Pacific Islands lose up to $US40m a year in costly money transfers
A report in Islands Business says that Pacific Islands remitters and their home economies are losing millions of dollars through the high cost of money transfers, according to an economic research funded by the World Bank.
New Zealand economics professor John Gibson, in studies funded by the World Bank, found that remitters to the Pacific Islands faced very high transfer fees compared to other parts of the world.
Gibson, who focused on New Zealand-Tongan remittances, said the transaction fees were about twice as expensive as transfers from the United States and Britain to a wide range of countries.
Gibson’s study found the most popular remittance methods such as a bank draft or Western Union money transfer incurred the highest cost. A typical transaction of NZ$200 would cost between 15-20%of that amount, he said.
But if remitters used less well-known methods, such as setting up New Zealand bank accounts with Islands ATMs or sending money through NGOs or churches, these would cost less than 5% of the typical sum.
Gibson said that if NZ$500 was sent to Tonga via an ATM account, it would cost between NZ$15 and NZ$20 on exchange rate losses, but it would cost approximately NZ$50 to send the same amount through a money exchange business such as Western Union because of higher fees and a less favourable exchange rate.
Gibson said this ten percentage point spread between the most popular and the cheapest remittance methods meant a potential loss for Tonga of equivalent to four percent of GDP.
Remittances comprise 39% of Tonga’s GDP, and across the Pacific they now total US$400 million a year.
Extrapolating the ten percentage point spread, Gibson said that avoidable transaction costs may total up to US$40 million a year.
Although Gibson focused on New Zealand-Tonga remittances, he noted that other academic research suggested transaction costs for remittances from Australia to Fiji, Samoa, Tonga and Vanuatu are at least as high.
This also appears to be the case for remittances from the United States to the Pacific.
It did not seem that this higher cost could be justified in terms of scale, Gibson said.

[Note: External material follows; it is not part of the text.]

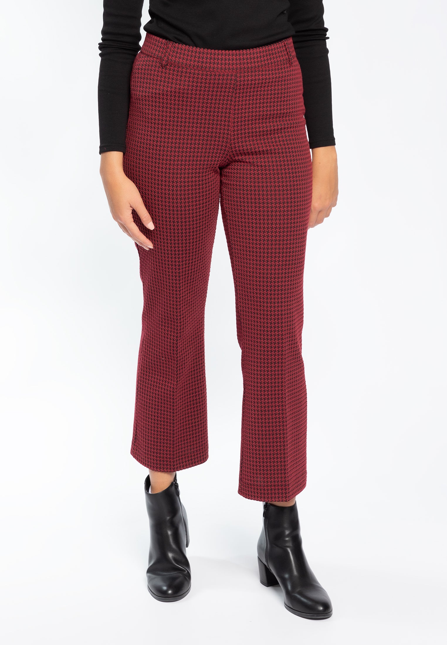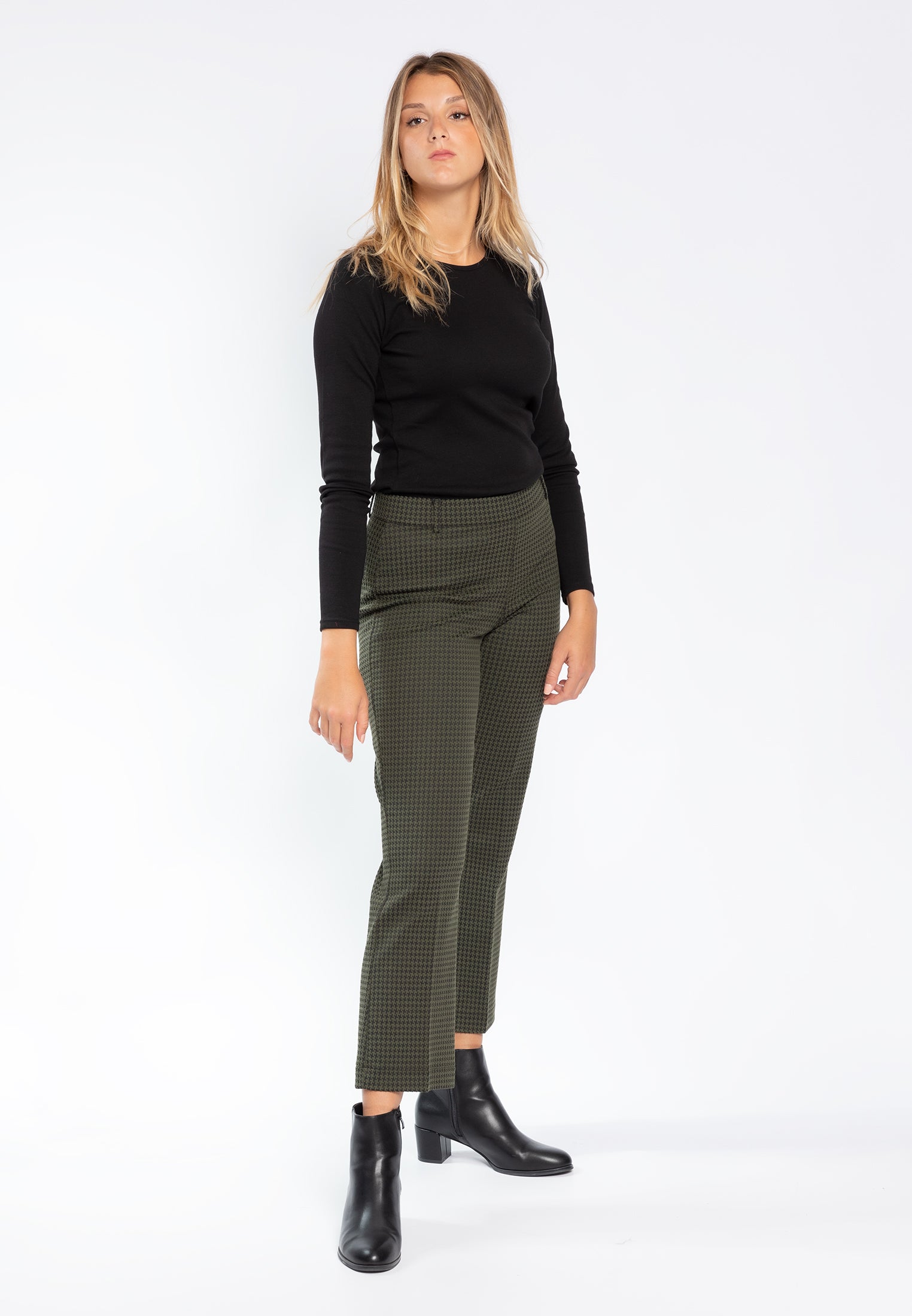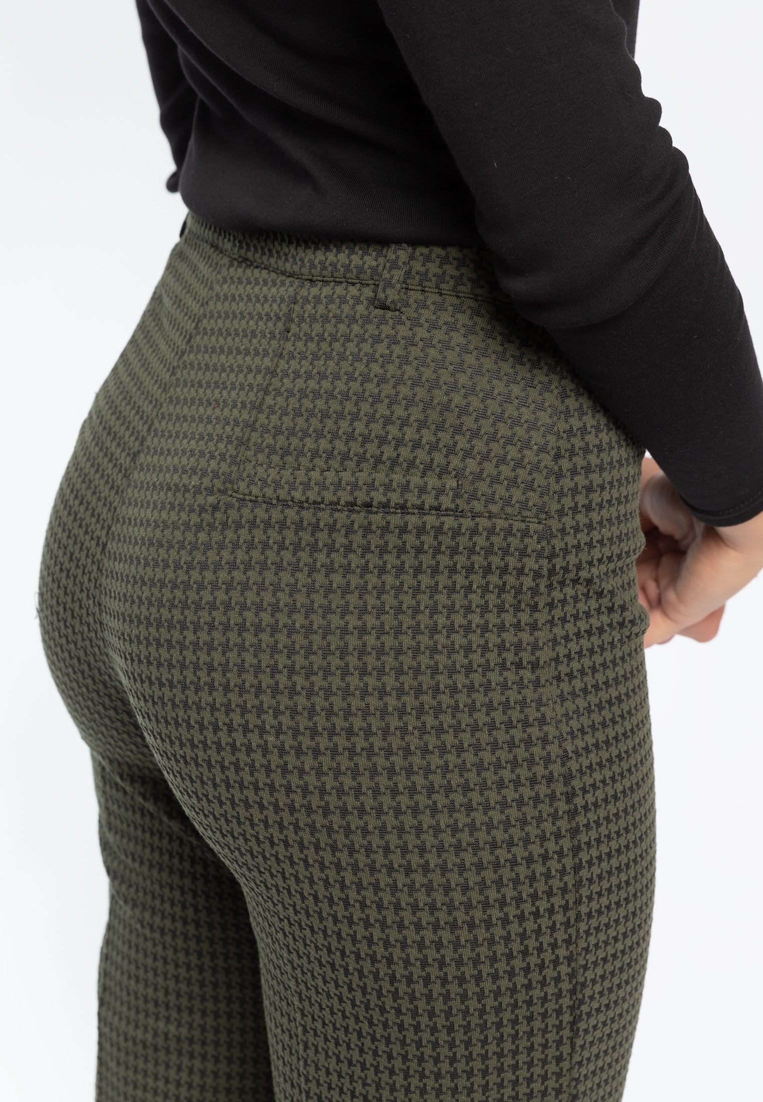 Pantalone trombetta nel più tradizionale stile anni '70 sempre attuale in micro fantasia pied de poule. Questo modello è costruito con vita elasticizzata con passanti, senza tasche, comodo come indossare un leggings pur mantenendo l'eleganza di un pantalone. Le tasche posteriori sono finte per offrire la giusta estetica senza inficiarne la vestibilità. Realizzato nell'esclusivo tessuto Compact, un punto Milano incredibilmente compatto ed elasticizzato, tanto da garantire sempre una vestibilità perfetta. Un pantalone ingualcibile e resistente, praticamente indistruttibile e ovviamente lavabile in lavatrice per la massima praticità.
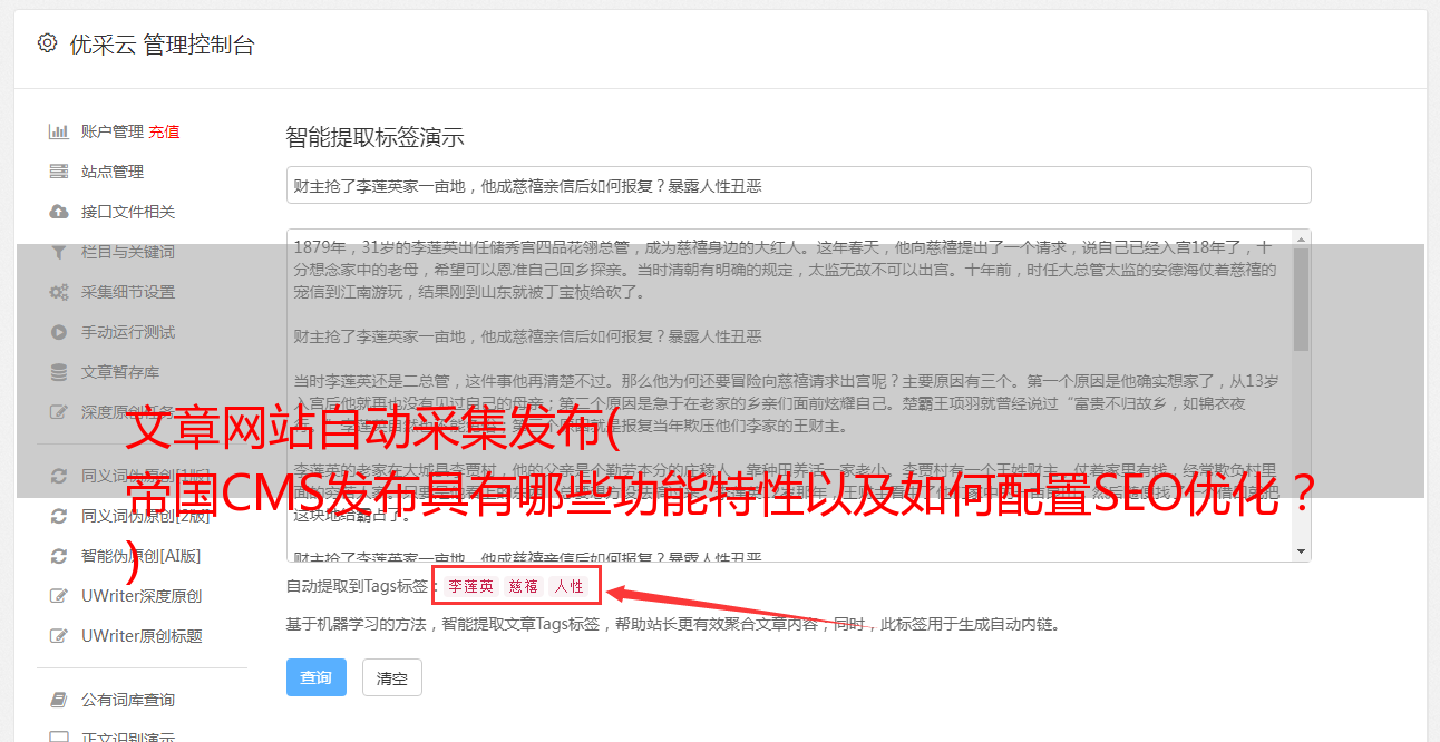 文章网站自动采集发布( 帝国CMS发布具有哪些功能特性以及如何配置SEO优化? )

He looked at two other non-Pacific countries (Ghana and Mozambique) with scales of remittances similar to New Zealand-Tonga, with both African countries had substantially lower money transfer costs than the Pacific, he said.
Gibson said that finding lower-cost alternatives was very important to Pacific Islands countries because of the high proportion of their population that live overseas.
The importance of remittances can be expected to grow even further as Australia and New Zealand increasingly use Pacific workers to deal with seasonal labour shortages, he said.
Gibson said there were several solutions.
He said ATMs only cost about NZ$15,000 and banks might make greater use of them given the fees they would earn from remittance transactions.
Gibson also looked at a company run by a Tongan church, Meliemei Langi, which is open to people of any denomination. Its fees were very cheap—NZ$5 for amounts under NZ$1000 for example—and despite lacking the financial or technological resources of the large, multinational finance companies, was able to provide a fast, cheap and credible money transfer service.
Gibson said that greater competition in the money transfer sector could drive down the transaction costs to the benefit of remittance recipients and their countries.
But Gibson also suggested that a lack of information about the range of services and costs for sending remittances to the Pacific, meant that remitters and financial institutions were not aware of cheaper options.
That lack of information, along with remitters’ habits, had to change if Pacific nations want to seize up to US$40 million a year currently being lost on money transfer costs, Gibson said.